Câmara do Porto apresentou o Plano Municipal de Juventude "versão 2.0"

Documento contempla 130 medidas em áreas como a educação, o desporto, o associativismo e o lazer

O vice-presidente da Câmara do Porto e vereador do Ambiente e Juventude, Álvaro Castello-Branco, afirmou ontem que há "três grandes eixos" que estruturam o Plano Municipal de Juventude versão 2.0, que ontem apresentou: "Elevar o nível educacional dos jovens; prepará-los para as novas exigências do mercado de trabalho; e rejuvenescer a cidade, através do incentivo à fixação da população juvenil."

O plano foi apresentado no início do Encontro de Juventude que começou ontem no Edifício Transparente, promovido pelo pelouro da Juventude da câmara, em parceria com a Federação Académica do Porto (FAP).

São cerca de 130 as medidas que compõem esta nova versão do Plano Municipal de Juventude, documento que o PÚBLICO solicitou, sem sucesso, à autarquia.
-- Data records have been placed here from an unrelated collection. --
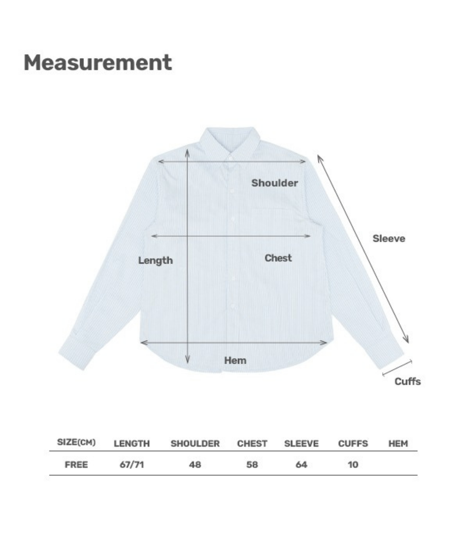 Size Length Shoulder Chest Sleeve Cuffs
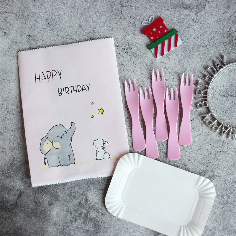 День рождения лезвие и вилка торт тарелка розовая еда -пластиковая вилка -ложка бумажной тарелки бумага для вечеринки одноразовая посуда
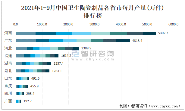 2021年1-9月中國衛生陶瓷制品各省市每月產量排行榜

Segundo Castello-Branco, a "versão 2.0" "prossegue prioridades programáticas do primeiro plano lançado em 2009" e que incidem sobre os seguintes aspectos da realidade juvenil: educação, formação, emprego e empreendedorismo, inovação social, cultura, lazer e desporto, promoção social, associativismo e cidadania e a criatividade". O documento também prevê o desenvolvimento de novos serviços culturais e de animação, o aumentar da oferta de espaços desportivos e de lazer.

Referindo-se à crise que o país atravessa, o presidente da FAP, Luís Rebelo, disse acreditar que a "única saída" para os jovens e para Portugal é "apostar na educação e na formação de qualidade". "Acredito que mais do que uma geração à rasca temos um país à rasca, mais do que jovens desempregados temos jovens descrentes nos anos que se avizinham e estamos num país mergulhado numa crise mais do que financeira, porque também é económica e social", acrescentou.

Integrado na programação do Ano Internacional da Juventude, o Encontro de Juventude do Porto prosseguiu com os testemunhos dos embaixadores do Ano Internacional da Juventude. Dora Henriques, investigadora na área da biodiversidade, de 22 anos, e Francisco Silva, estudante universitário premiado na área da biologia, de 18 anos, aconselharam os cerca de 50 jovens presentes a escolherem uma profissão de que realmente gostem e a não pensarem no desemprego. "Se gostarem mesmo do que fazem, vão ter sempre trabalho", reforçou Francisco Silva, numa mensagem optimista.